*Your objective*. Copy, please, the line with "Blueberry Bushel Classic" and each line that follows it through the end of the data below, exactly as given and without pictures.

*Dataset section*.
*** Begin section ***

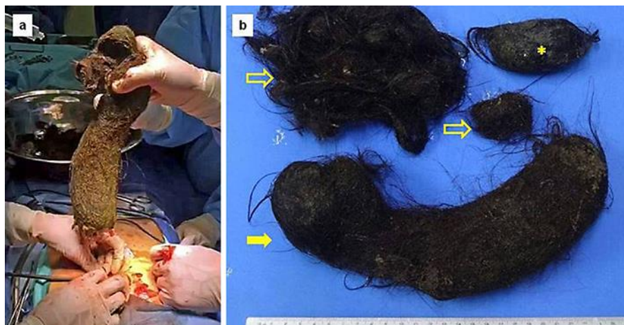
Fig. 2. a At gastrotomy, a 3-kg trichobezoar was removed. b The trichobezoar removed from the stomach (arrow) had a dense tail extending to the duodenum (hollow arrows). The trichobezoar removed from the ileocecal valve measured 7.5 × 4 cm (asterisk).
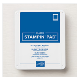
Blueberry Bushel Classic Stampin' Pad - 147138
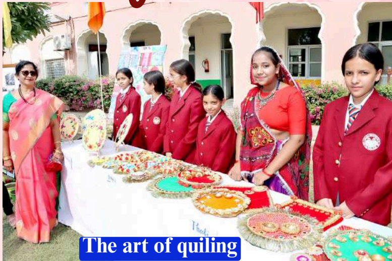
The art of quilting

*** End section ***

*Expected answer*.
Blueberry Bushel Classic Stampin' Pad - 147138
The art of quilting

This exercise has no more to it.